◆ **Stored data**:
-----

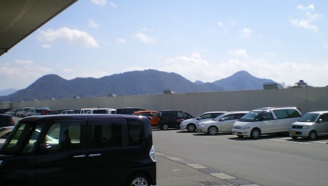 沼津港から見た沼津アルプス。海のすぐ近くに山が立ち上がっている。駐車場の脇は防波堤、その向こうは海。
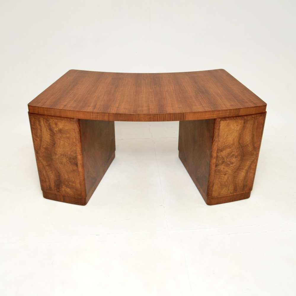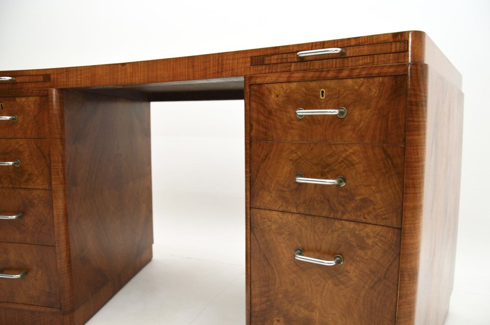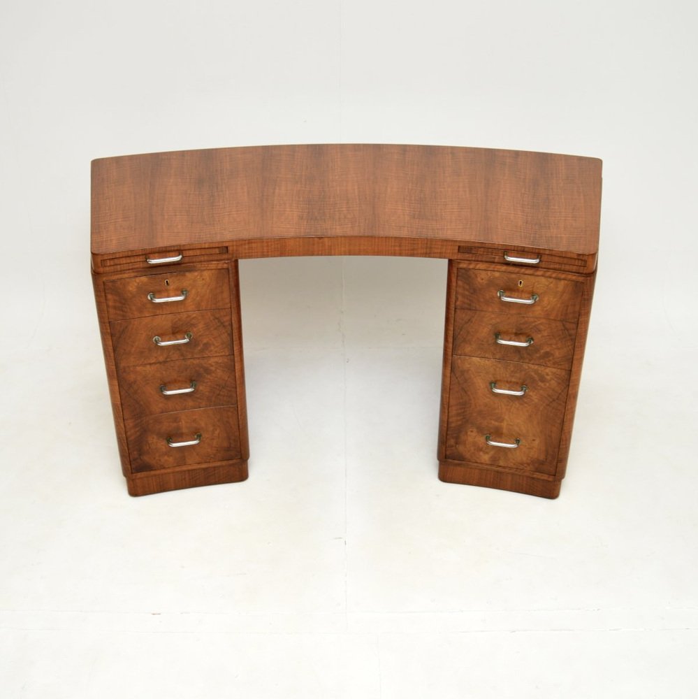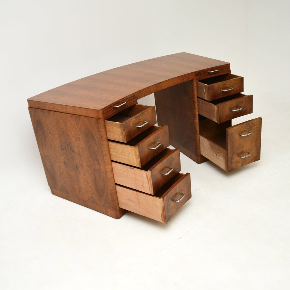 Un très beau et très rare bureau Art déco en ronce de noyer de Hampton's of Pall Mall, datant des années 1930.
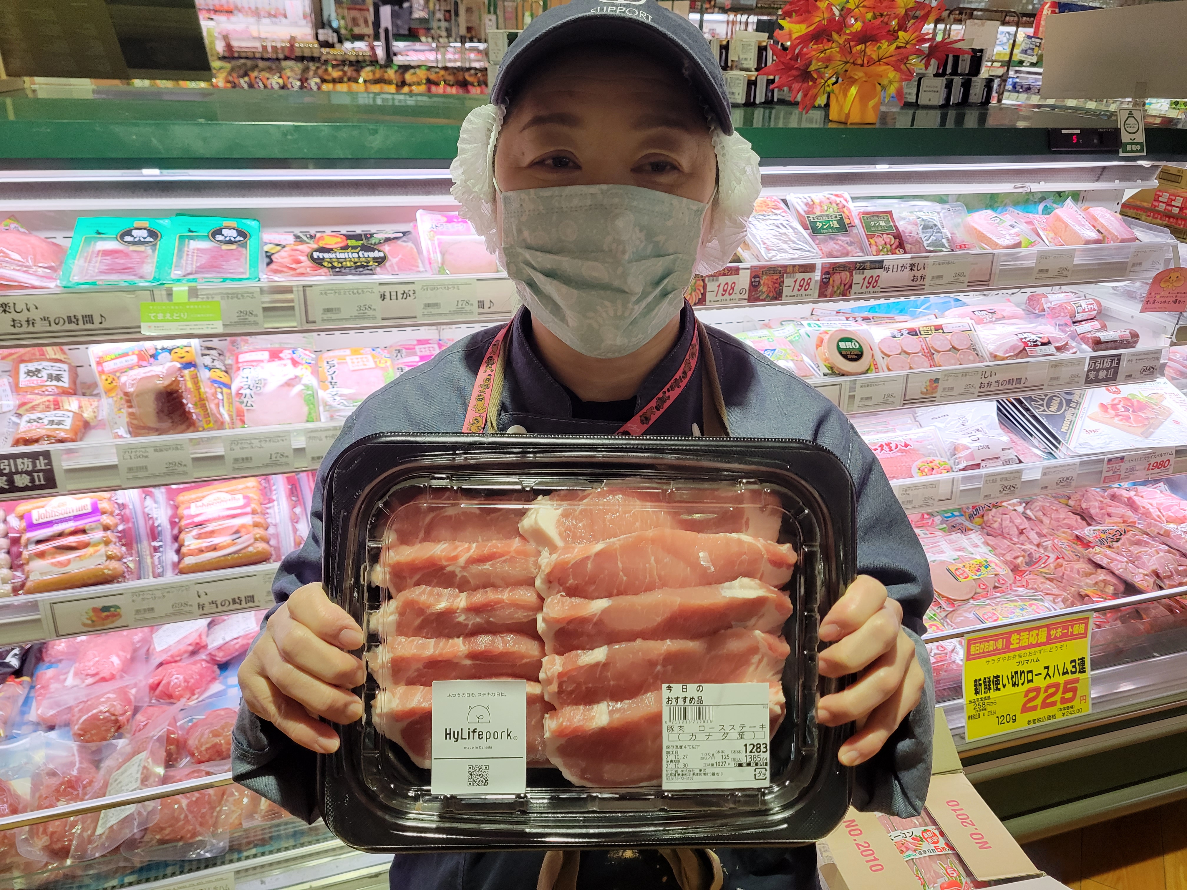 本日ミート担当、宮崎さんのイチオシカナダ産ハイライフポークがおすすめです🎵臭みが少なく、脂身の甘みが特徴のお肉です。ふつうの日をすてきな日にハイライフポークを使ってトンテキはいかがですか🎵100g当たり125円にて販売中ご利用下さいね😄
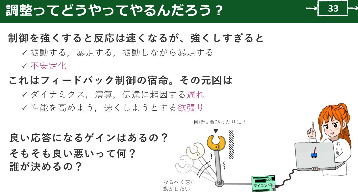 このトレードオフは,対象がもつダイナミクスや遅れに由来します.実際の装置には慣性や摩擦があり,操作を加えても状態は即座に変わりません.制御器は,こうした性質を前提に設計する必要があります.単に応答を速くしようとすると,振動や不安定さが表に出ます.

-----

◆ **Problem description**:
Nothing but the pictures is to be left out; the rest of the listing should be copied exactly.

◆ **Response**:
 沼津港から見た沼津アルプス。海のすぐ近くに山が立ち上がっている。駐車場の脇は防波堤、その向こうは海。
 Un très beau et très rare bureau Art déco en ronce de noyer de Hampton's of Pall Mall, datant des années 1930.
 本日ミート担当、宮崎さんのイチオシカナダ産ハイライフポークがおすすめです🎵臭みが少なく、脂身の甘みが特徴のお肉です。ふつうの日をすてきな日にハイライフポークを使ってトンテキはいかがですか🎵100g当たり125円にて販売中ご利用下さいね😄
 このトレードオフは,対象がもつダイナミクスや遅れに由来します.実際の装置には慣性や摩擦があり,操作を加えても状態は即座に変わりません.制御器は,こうした性質を前提に設計する必要があります.単に応答を速くしようとすると,振動や不安定さが表に出ます.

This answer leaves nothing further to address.